И Кузьменыши всунулись, сказали, что пели раньше в хоре и от имени Томилина споют какую-нибудь песню. Их записали.
И далее записывались по бывшим коллективам. Запись происходила в столовой.
Мытищинские предложили хор — их было много: «На богатырские дела нас воля Сталина вела». Другая: «Лети победы песня…» — эти две для запева, а далее: «Дорожная». Для души.
Первую одобрили, да и о второй отозвались с похвалой, все знали «Дорожную» Дунаевского.

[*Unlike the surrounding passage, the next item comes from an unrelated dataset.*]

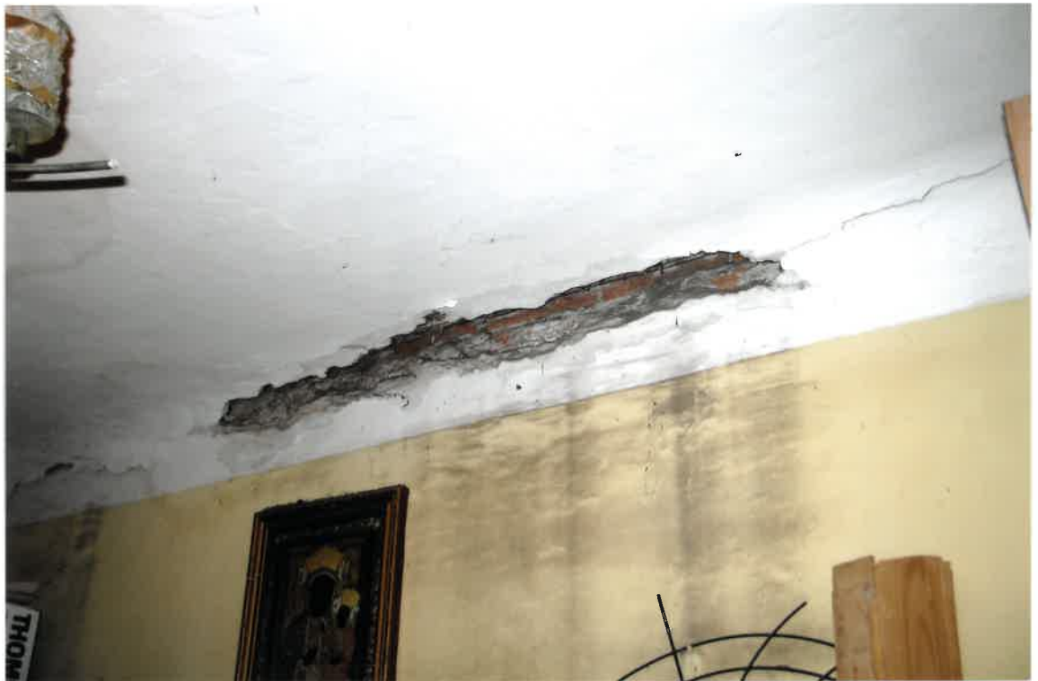
Fot. Nr 42. Pęknięcie na styku ściany ze stropem oraz pęknięcia na stropie i ubytki tynku w lokalu nr 16 na II piętrze. Widoczne ślady przemarzani ściany zewnętrznej.

— Может, и Дунаевский, — отвечали вразнобой мытищинские, — мы вам лучше споем.
Мытищинские встали в стойку: выставив вперед правую ногу и пристукивая в такт, дружно промычали: «Тум-та, там-та, тум-та…» Начало всем понравилось. Будто поезд стучит. Дальше шли слова:
Раз в поезде одном сидел военный,
Обыкно-вен-ный,
Купец и франт,
По чину своему он был поручик,
Но дамских ручек
Был генерал.
Сидел он с кра-ю,
Все напева-я:
Про первертуци, наци туци, верверсали,
Ерцин с перцен, шлем с конверцем,
Ламца-дрица, о-ца-ца!
— Что это? Это ведь непонятно, что происходит? — спросил Петр Анисимович, разглядывая странный хор. — Какой Герцен? Какой генерал?
Хор удрученно молчал.
— А может, дальше? — спросил кто-то из воспитателей.
— Дальше? — удивился Петр Анисимович. И отмахнулся портфелем.
Но хор понял его слова так, что им велят продолжать дальше. Мытищинские снова, как по команде, выставили правую ногу вперед и замычали слаженно: «Тум-та, ту-ма-та, тума-та, тум-та!» Кто-то из солистов с грустной томностью вывел под это сопровождение:
Вот поезд подошел к желанной цели,
Смотрю я в ще-ли —
Мадам уж нет!
Хор грянул изо всех сил, желая понравиться директору:
Про-пал пору-чик,
Дамских ру-чек…
— Хватит! Хватит! — попросил Петр Анисимович. И даже привстал, прижимая к подбородку портфель. — Эту не надо. Только первую. Про богатырские дела…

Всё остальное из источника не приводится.